The five of us-Barman, Elyon, Rachmiel, Yabbashael, and Zachriel-were selected as emissaries. (Note to Gabriel: conscripts would have been a more appropriate term. Or guinea pigs.)

Lacking corporeality, we have no distinguishing physical characteristics, but, unlike the sentinels and tutelary geniuses, we messengers do have traits that set us apart. In our small group Barman is the preternaturally intelligent one; Elyon, the efficient and vengeful one (best known for bringing the plague of hail upon Egypt); Rachmiel, the merciful one; Yabbashael, the cheerful one; and Zachriel, the understanding one (for comparable empathy, Barman says, one has to look to Commander Troi from the American television series Star Trek: The Next Generation).

We have no gender, of course, but on Arcadia Court we became four teenaged boys and a girl. At the time that distinction meant nothing to us. With at least 3.8 million millennia of combined experience, the one thing we had never suspected we were was naive.

The morning we arrived, a number of things happened-or didn’t happen-inside the homes on the quiet cul-de- sac of Arcadia Court that the observant might have recognized as miracles.

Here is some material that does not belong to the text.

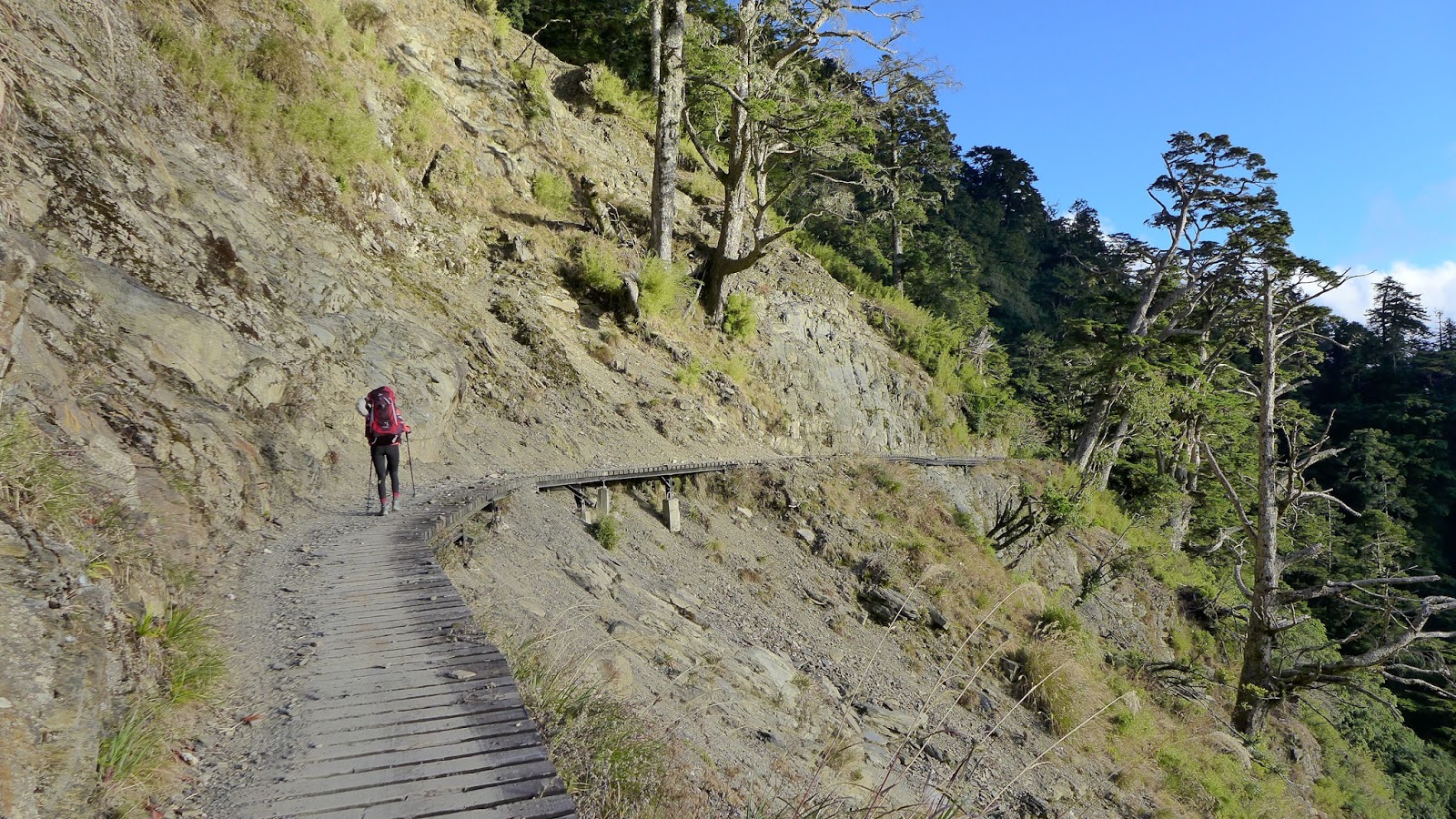 能高越嶺到天池山莊的13K其實很單純,就是一直腰繞再腰繞,只是過雲海保線所後有一處陡坡,因原舊路損壞直接往上高繞到森林線內,其他大至平緩好走,偶爾幾處稍陡。

Bashaar Khan had gone to bed the previous night with a new eruption of acne across his cheeks but woke with clear skin, a fact he celebrated by working an excessive amount of “product” into his dark hair until it resembled the varnished shell of a rhinoceros beetle. Stephan Choo’s mother did not have to carry her son’s bedding straight to the laundry room, holding it at arm’s length to maximize her distance from the sadly familiar acrid smell. Leo Costello Jr. did not begin the day by giving his little sister and brother the usual cheerful noogies, so that their wailing did not wake their parents and the family members ended up clambering into their lease-to-own Ford Escape later than usual. This gave them the opportunity to witness the hitherto mythic shopping-cart racers hurtling down Mountain Highway, daredevil homeless men who had, as Leo Sr. said, “obviously nothing left to lose.” They collected bottles and dwelt in the rough of Hastings Creek where the children of Arcadia Court were frequently warned not to go.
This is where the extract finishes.